Vanessa Martina-Silva
Diálogos do Sul Global
Jundiaí (SP)

Tradução:

Mais vida para acabar com a morte. Viver saborosamente para tirar o amargor que impuseram à sua existência. Com o sonho de ser cantora, atriz e bailarina quando criança, Francia Elena Márquez Mina já não tem o sorriso tão fácil. O canto e a dança saíram do cotidiano. “Por medo, eu entrei na política”, disse em certa ocasião, e foi a coragem de enfrentar o mundo e a necessidade de agir que incutiram nela um novo sonho: ser presidenta da República.

O debate filosófico sobre o livre arbítrio é para mim uma falsa questão. A algumas pessoas não lhes é dado o direito de escolherem seus destinos, de se atordoarem diante das mazelas da vida ou de se imobilizarem frente a situações que ameaçam suas próprias existências.
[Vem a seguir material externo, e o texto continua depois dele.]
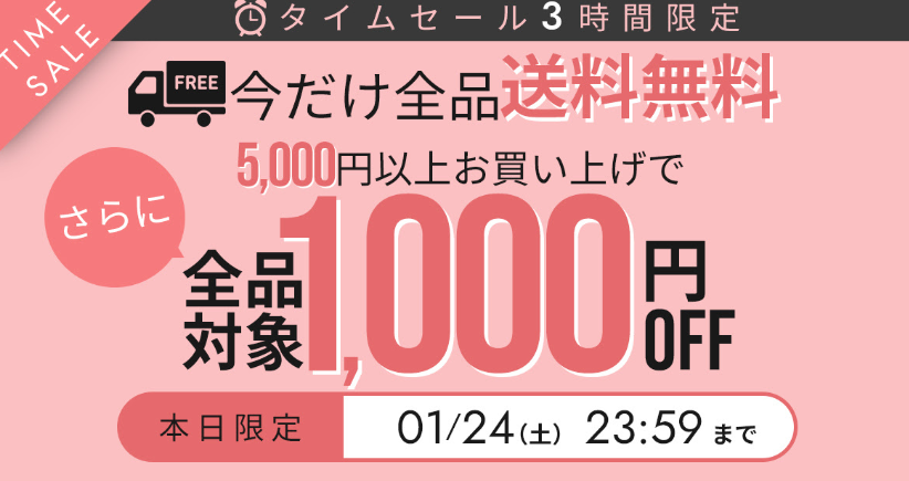 例:最大1,000円OFFクーポン、全品ポイント5倍、最大61%OFFセールなど。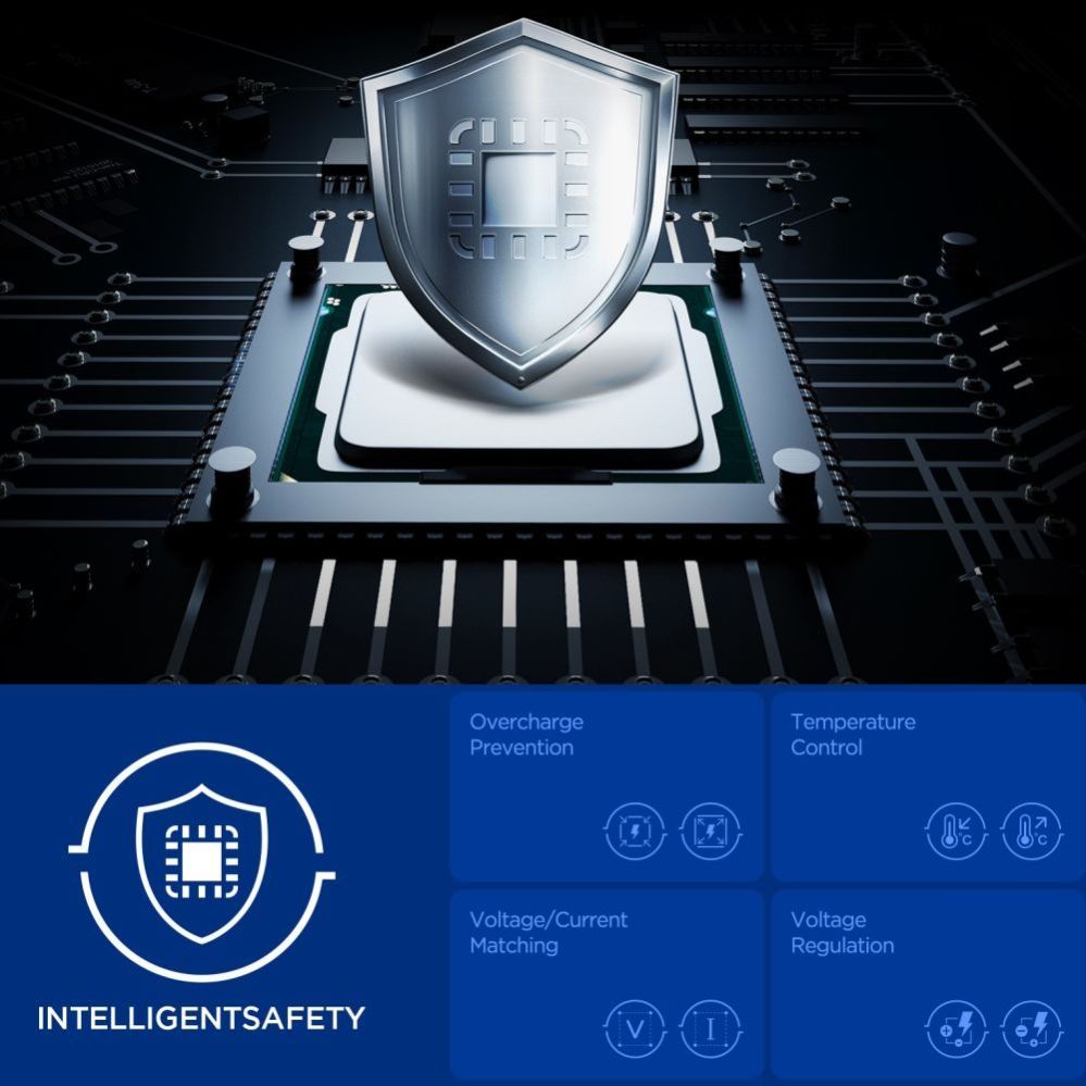 Quantum Boost technology automatically adjusts charging power to match connected devices, maximizing their efficiency. Built-in Overcharge Prevention, Voltage Matching, and Voltage Regulation features protect devices against overcharging, excessive voltage, and unstable current, ensuring safe and stable charging in all conditions.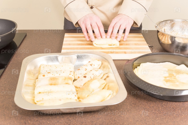 Повар готовит блины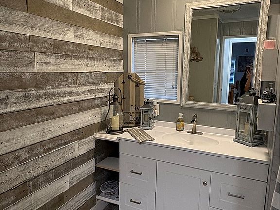 Beautiful manufactured home on permanent foundation is the perfect country charmer in The Farm, nestled on a quiet cul-de-sac street with wonderful curb appeal, mature shade trees, a covered side patio perfect for relaxing in the evening breeze, and an oversized garage large enough to fit a boat. This charming home offers numerous updates, including new plumbing throughout, newer roof, AC system is about five years old; the ductwork was also updated: NEST system, Ring camera at front door, and new gutters. Inside, you'll find a brand new kitchen with stylish cabinetry with quartz countertops; new dishwasher, remodeled bathrooms, and a spacious open layout ideal for entertaining. The dining room is perfect for hosting intimate dinners. The primary suite features a large closet and updated bath, while the secondary bedroom is generously sized. Additional highlights include newer flooring and dual-pane windows; the hallway, laundry, and pantry area are freshly painted; there is a separate laundry area. The backyard provides a great space for gatherings with plenty of room to garden or relax under the shaded trees with wood fencing. Move-in ready and full of charm - this one is a must-see!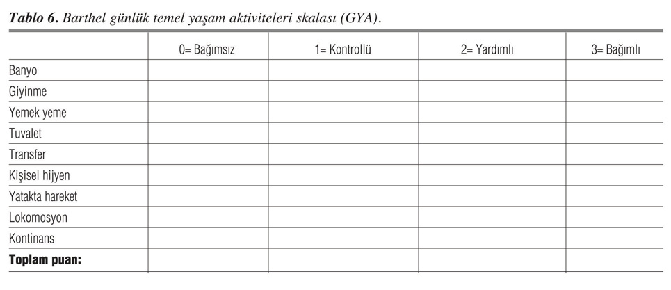 Barthel'in GYA ölçeği: Bu alanların test edilmesi için geliştirilen ve en sık kullanılan ölçek Barthel'in GYA ölçeğidir (19). Bu testin amacı, hastanın günlük işlerinde ne yaptığını kaydetmektir. Hastanın ne yapabileceğini öğrenmek hedeflenmemiştir. Değerlendirilen işler gaita kontinansı, idrar kontinansı, beslenme, yıkanma (yüz yıkama, saç bakımı, tıraş), giyinme, transfer, tuvalet kullanma, mobilite, basamak çıkma ve banyodan oluşmaktadır. Hastanın bu işleri bağımsız veya yardımlı yapmasına göre puanlanır. Alınan skor bağımsızlık derecesini gösterir, ne kadar az puan alınırsa temel GYA'lar o kadar bağımsız yapılmaktadır. Testin tamamı Tablo 6'da gösterilmiştir.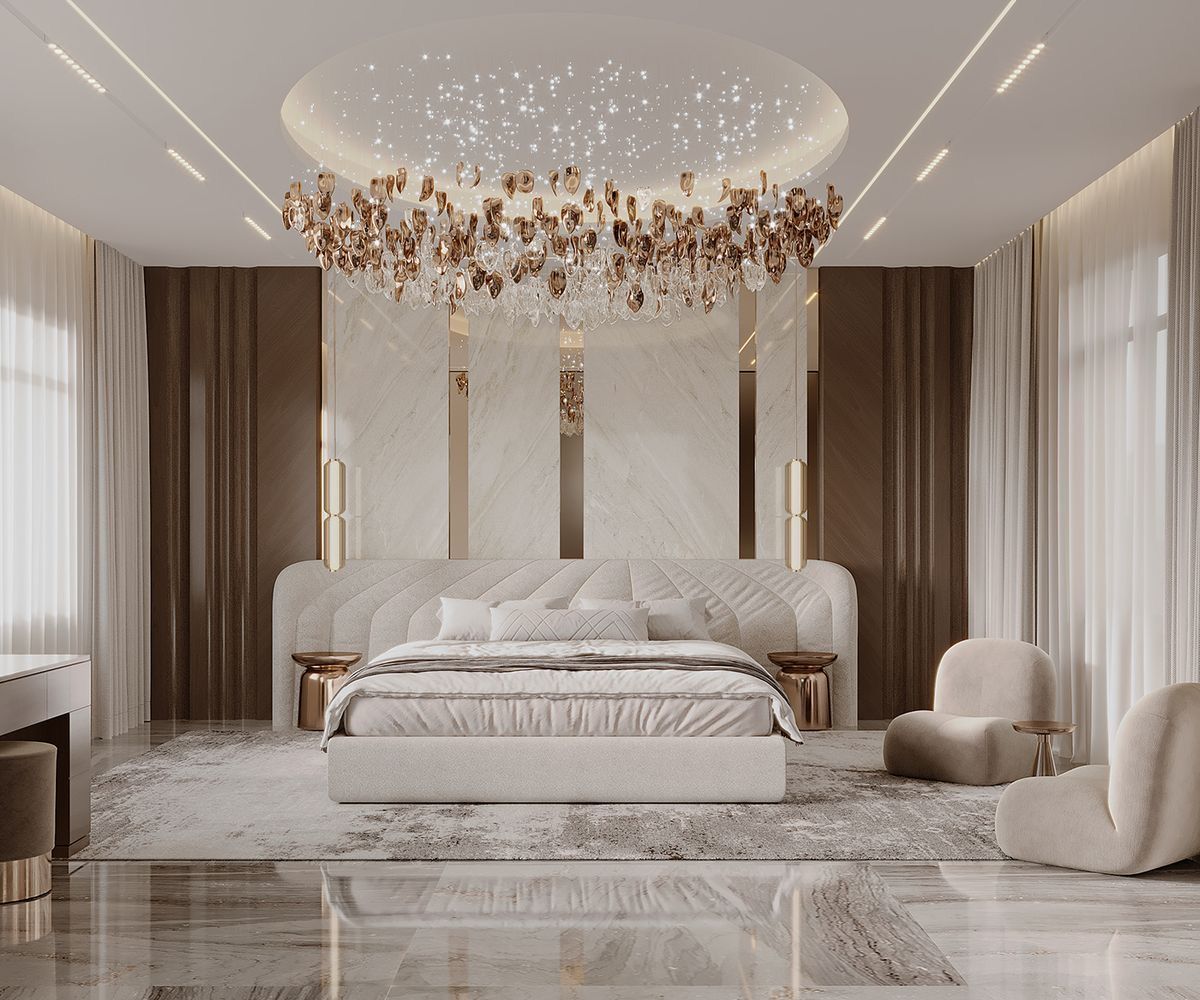 Thông thường, giường ngủ được chọn làm trung tâm bố cục. Hệ tủ, bàn trang điểm, tab đầu giường hoặc ghế thư giãn sẽ được sắp xếp xoay quanh theo nguyên tắc đối xứng hoặc bất đối xứng có kiểm soát.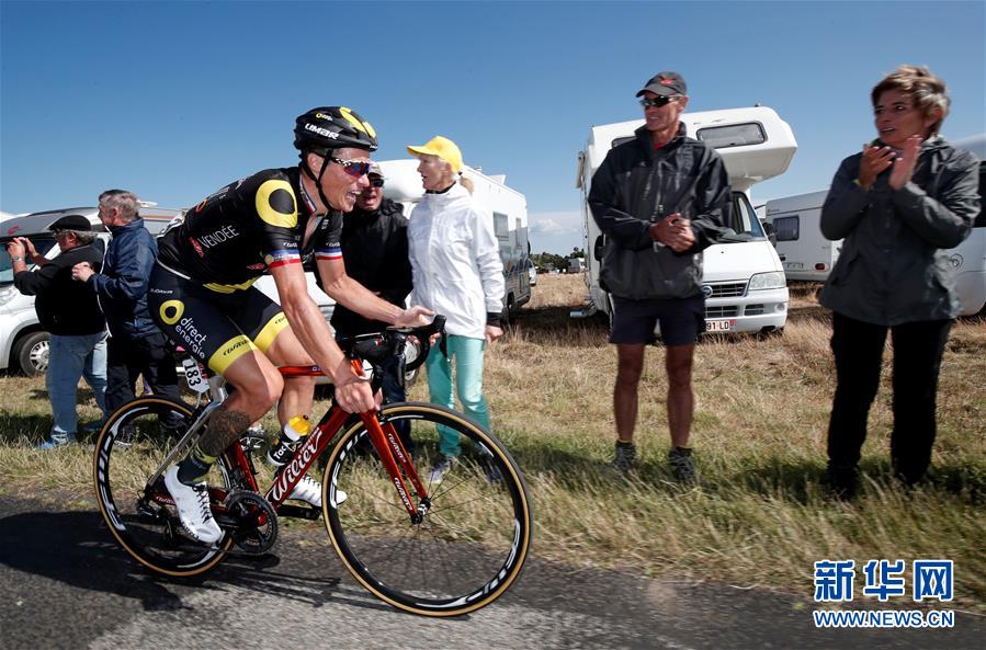 ↑ 7月22日,直接能源车队的法国车手西尔万·沙瓦内尔在比赛中。 当日,2018环法自行车赛第15赛段结束了从米约到卡尔卡松全长181.5公里的争夺。阿斯塔纳车队的丹麦车手尼尔森获得冠军,天空车队车手托马斯仍然排名总成绩第一,继续身穿黄色领骑衫。 新华社/路透
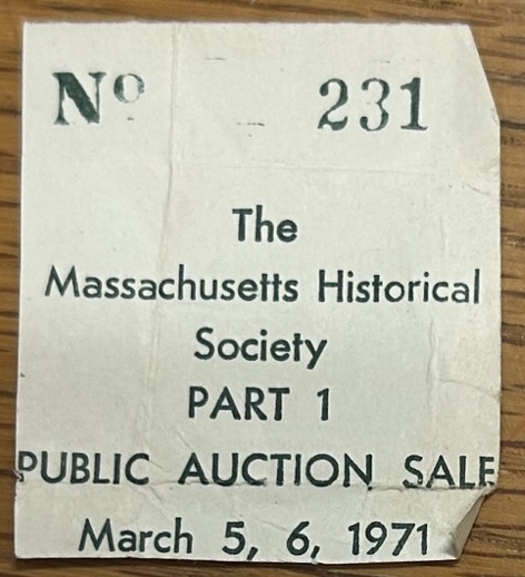 The Massachusetts Historical Society received the collection of President John Quincy Adams and his descendants in 1914 but later sold the coins in 1971 through an auction by Stack’s [PDF].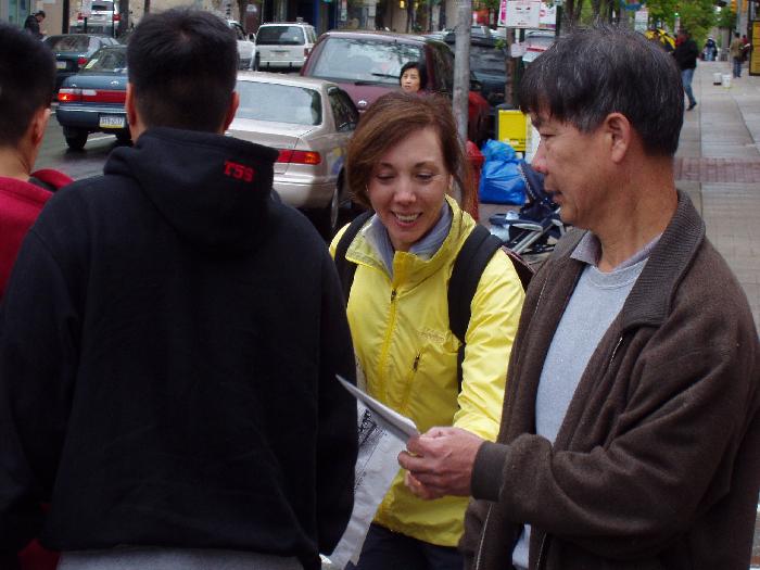 ![]() 过路人观看真象展板 | ![]() 学员接受采访 |

É assim com Márquez, eleita vice-presidenta na coalizão Pacto Histórico, junto com Gustavo Petro.

Nascida em dezembro de 1981, ela expressa o sentipensar ancestral da gente negra, que aqui no Brasil manifesta orgulhoso que “nossos passos vêm de longe”. Em seu corpo, Francia carrega as lutas do povo colombiano e representa a história de muitos pretos na diáspora, que dedicam a vida em defesa do que ela chama de Nossa Casa Comum, a Terra, a natureza, a Pachamama, como dizem os povos originários.

A comunidade de onde ela vem, La Toma, no norte do estado de Cauca, no Pacífico colombiano, data de 1636. Nos primórdios, foi um quilombo, chamado no país de “palenque”. Desde então, seu povo tem vivido em sintonia com a natureza, plantando bananas, mandiocas, café e hortaliças e realizando mineração artesanal de ouro na margem dos rios. 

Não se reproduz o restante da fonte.